WHAT THIS TASK INVOLVES → Output the listing below verbatim, but drop the images.

___ DATA LISTING ___

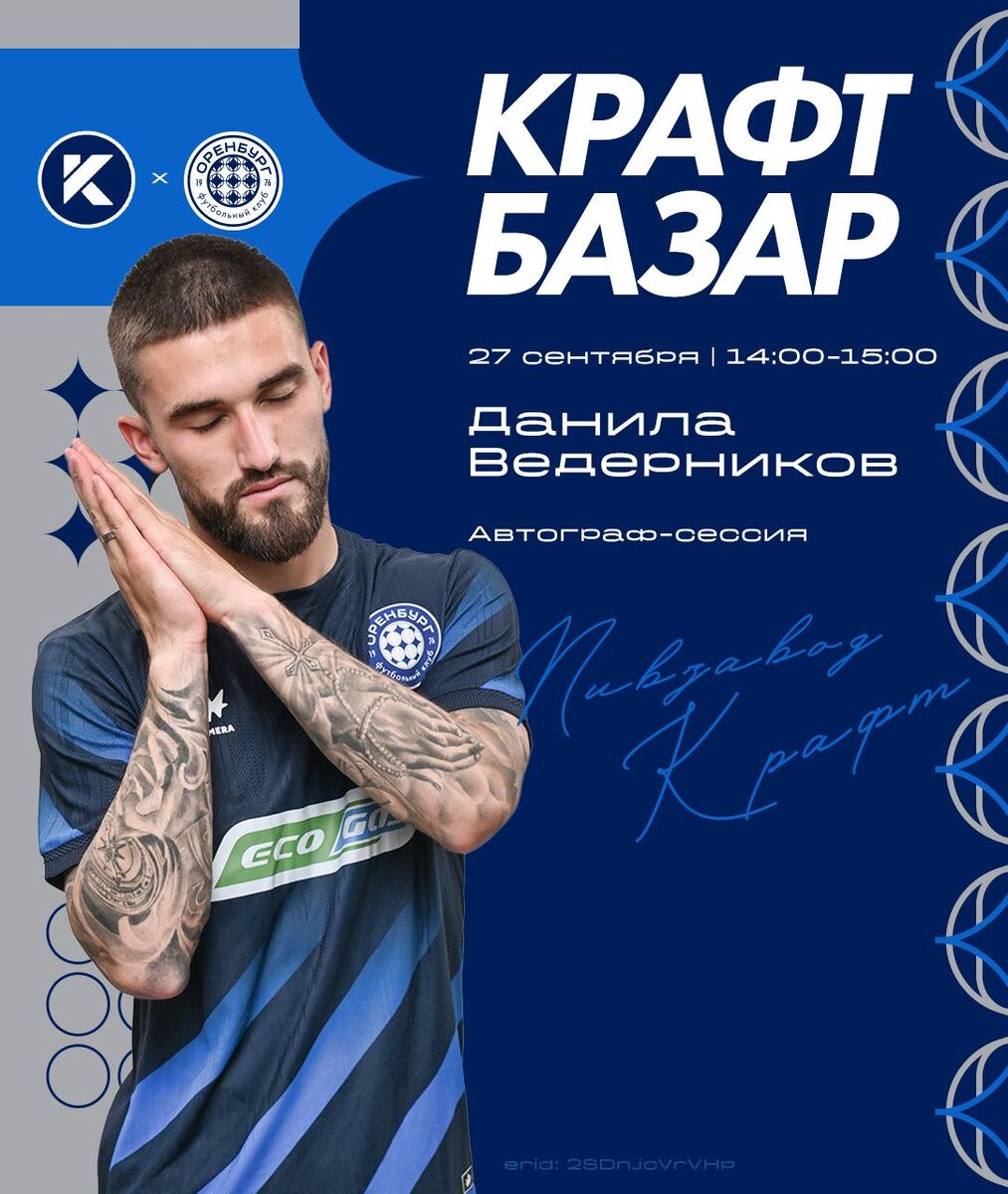 МАСШТАБНЫЙ ФЕСТИВАЛЬ «КРАФТ БАЗАР» Сине-белые, 27 и 28 сентября на поляне пивзавода «КРАФТ» (Тихая 8/2) пройдет первый масштабный фестиваль гастрономии и музыки. В программе: - Автограф-сессия Данилы Ведерникова - Дегустации крафтовых напитков от «КРАФТ» и других производителей - Музыка и шоу на открытом воздухе - Гастростанции с закусками и блюдами - Активности, конкурсы и призы - Площадка с крафтовыми играми и активностями от нашего клуба - Футбольное родео на зелёном газоне Билеты доступны по ссылке 👉 events.nethouse.ru/form/136730 Поздравим нашего партнёра с 10-летием и отлично проведем время!
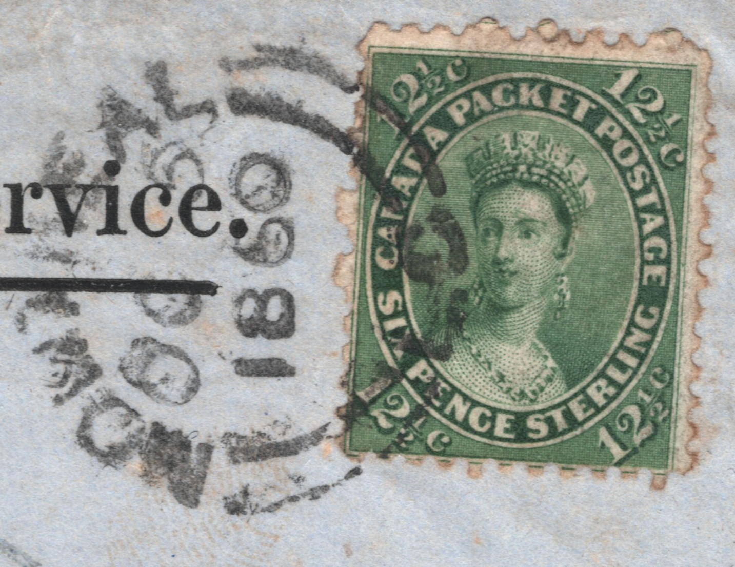 CANADA Official Cover QV 6d/12½c CHALON Super CDS Transatlantic 1860 Sligo WA146
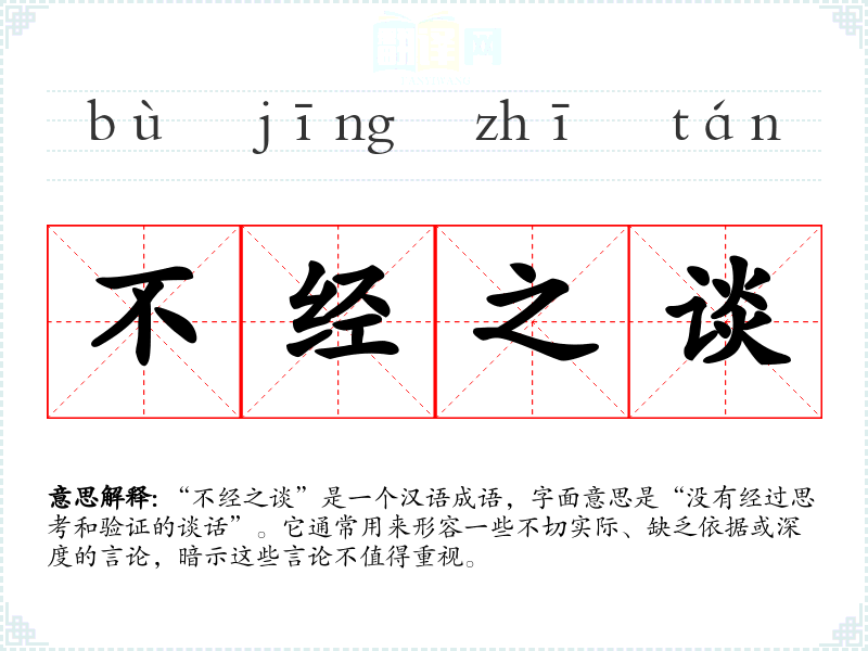 “不经之谈”是一个汉语成语,字面意思是“没有经过思考和验证的谈话”。它通常用来形容一些不切实际、缺乏依据或深度的言论,暗示这些言论不值得重视。
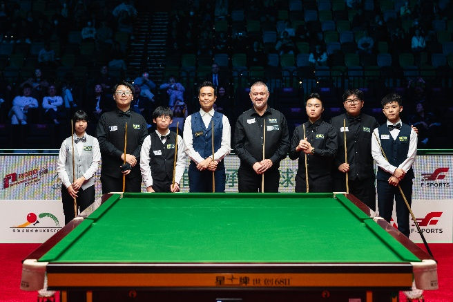「桌球皇帝」亨特利(Stephen Hendry)與傅家俊,各帶領3名香港桌球學院學員,進行表演賽互相比拼。
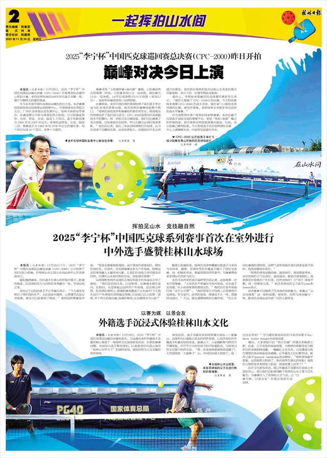 本报讯(记者刘琪)11月29日,2025“李宁杯”中国匹克球巡回赛总决赛组委会,为远道而来的外籍选手及嘉宾精心策划了一场桂林文化深度游览活动。在紧张赛事间隙,各国顶尖选手暂别球拍,以游客身份沉浸式徜徉“桂林山水甲天下”的独特意境,感受自然与人文交融的别样韵味。
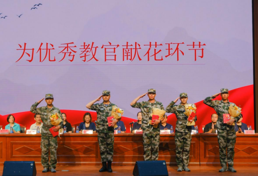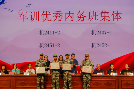 大会第五项,常务副经理刘安琴宣布军训表彰决定并颁发荣誉证书,对“军训优秀学员”“军训优秀班主任助理”“军训优秀内务班集体”“军训优秀队列班集体”“军训先进班集体”“为军训教官献花”“优秀辅导员”等获奖团体及个人进行了表彰。大会现场掌声热烈,氛围高涨。
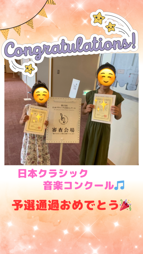 先週、小学校3年生のAちゃんと5年生のNちゃんが神戸市産業振興センター ハーバーホールにて行われた【第35回日本クラシック音楽コンクール】に参加し、見事に予選通過しました😆🙌

___

SOLUTION FOR THIS EXERCISE →
 МАСШТАБНЫЙ ФЕСТИВАЛЬ «КРАФТ БАЗАР» Сине-белые, 27 и 28 сентября на поляне пивзавода «КРАФТ» (Тихая 8/2) пройдет первый масштабный фестиваль гастрономии и музыки. В программе: - Автограф-сессия Данилы Ведерникова - Дегустации крафтовых напитков от «КРАФТ» и других производителей - Музыка и шоу на открытом воздухе - Гастростанции с закусками и блюдами - Активности, конкурсы и призы - Площадка с крафтовыми играми и активностями от нашего клуба - Футбольное родео на зелёном газоне Билеты доступны по ссылке 👉 events.nethouse.ru/form/136730 Поздравим нашего партнёра с 10-летием и отлично проведем время!
 CANADA Official Cover QV 6d/12½c CHALON Super CDS Transatlantic 1860 Sligo WA146
 “不经之谈”是一个汉语成语,字面意思是“没有经过思考和验证的谈话”。它通常用来形容一些不切实际、缺乏依据或深度的言论,暗示这些言论不值得重视。
「桌球皇帝」亨特利(Stephen Hendry)與傅家俊,各帶領3名香港桌球學院學員,進行表演賽互相比拼。
 本报讯(记者刘琪)11月29日,2025“李宁杯”中国匹克球巡回赛总决赛组委会,为远道而来的外籍选手及嘉宾精心策划了一场桂林文化深度游览活动。在紧张赛事间隙,各国顶尖选手暂别球拍,以游客身份沉浸式徜徉“桂林山水甲天下”的独特意境,感受自然与人文交融的别样韵味。
 大会第五项,常务副经理刘安琴宣布军训表彰决定并颁发荣誉证书,对“军训优秀学员”“军训优秀班主任助理”“军训优秀内务班集体”“军训优秀队列班集体”“军训先进班集体”“为军训教官献花”“优秀辅导员”等获奖团体及个人进行了表彰。大会现场掌声热烈,氛围高涨。
 先週、小学校3年生のAちゃんと5年生のNちゃんが神戸市産業振興センター ハーバーホールにて行われた【第35回日本クラシック音楽コンクール】に参加し、見事に予選通過しました😆🙌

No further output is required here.